RESULTS AND DISCUSSION Phosphorus Dynamics in Particulate Organic Matter


Phosphorus associated with POM changed rapidly during residue decomposition and its dynamics significantly differed from that observed for C and N contained in the POM. The amount of P contained in the POM at the beginning of the incubation (Day 0) represented about 25% of the total P added in both residues. After 5d of decomposition a further significant decline in POM-P occurred, indicating a rapid release of P from residues in both soils (Fig. 1). In the Ultisol, 5 d of decomposition resulted in a release of 92 and 95% of the P contained in the POM at Day 0 from the sorghum and crotalaria residues, respectively. In the Alfisol, 75 and 77% of the P contained in the POM at Day 0 was released during this 5-d period. This significant loss of

P from the residues contrasted with a lower proportion of C and N released from the POM during the same period. A maximum of 18% of C and 59% of N were released from the POM after 5 d of decomposition (Table 3). These results suggest some differences in the mechanism of release of C and N from plant residues.
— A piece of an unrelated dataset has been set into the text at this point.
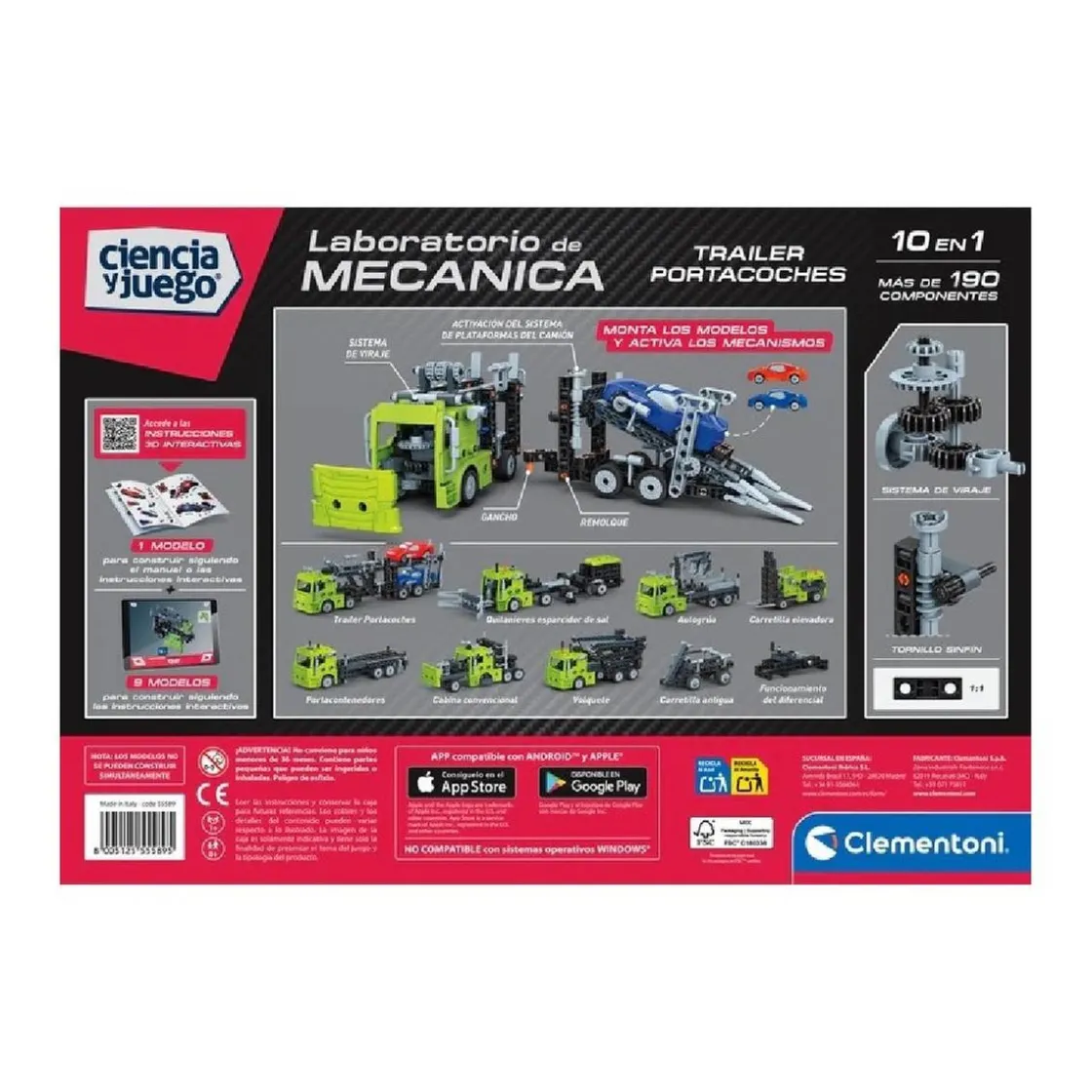 Al ensamblar los diferentes componentes, los niños pueden poner a prueba sus ideas, experimentar y comprobar por sí mismos si las soluciones que encuentran son correctas o si pueden mejorar el diseño. Es una excelente manera de aprender sobre mecánica y construcción de forma práctica y entretenida. Este set ha sido fabricado en Italia.

While initial release of C and N from the residues seemed to be more controlled by the utilization of the substrates by the microbes, the release of P was very rapid and relatively independent of the utilization of C by the microbes. These results can be partially explained by a large proportion of the plant P present in inorganic forms and the ability of the organic P compounds to be mineralized by plant enzymes. Previous studies have shown that because of autolysis of the plant cells and hydrolysis of phosphate esters by plant phosphatases, a significant amount of P can be released from dried plant materials even without microbial activity (Martin and Cunningham, 1972). In this study, 73 and 63% of the total plant P was in inorganic P forms in the sorghum and crotalaria residues, respectively (Table 2). Previous studies have also indicated a rapid release of residue P at early stages of decomposition. For example, Friesen and Blair (1988) observed that more than 50% of residue-derived P was in inorganic soil pools after 11 d of incorporation. McLaughlin et al. (1988c) also found that 50% of the 33P applied in labeled residues of Medicago lupulina was extractable from the soil with NaHCO3 (pH 8.5) at the beginning of the experiment. They estimated that the amount of P remaining in the residues after 15 d of decomposition accounted for only 4% of the 33P initially added in the residues. They attributed the rapid release of P from the residues to the high proportion of inorganic P initially present in the residues

Fig. 1. Changes in P associated with the particulate organic matter (POM-P) after the incorporation of plant residues in the Ultisol and Alfisol. (Bars represent Tukeys HSD (P 0.05) for mean comparisons between plant residue treatments within sampling time. Data points are means of three replicates with bars representing their standard errors.)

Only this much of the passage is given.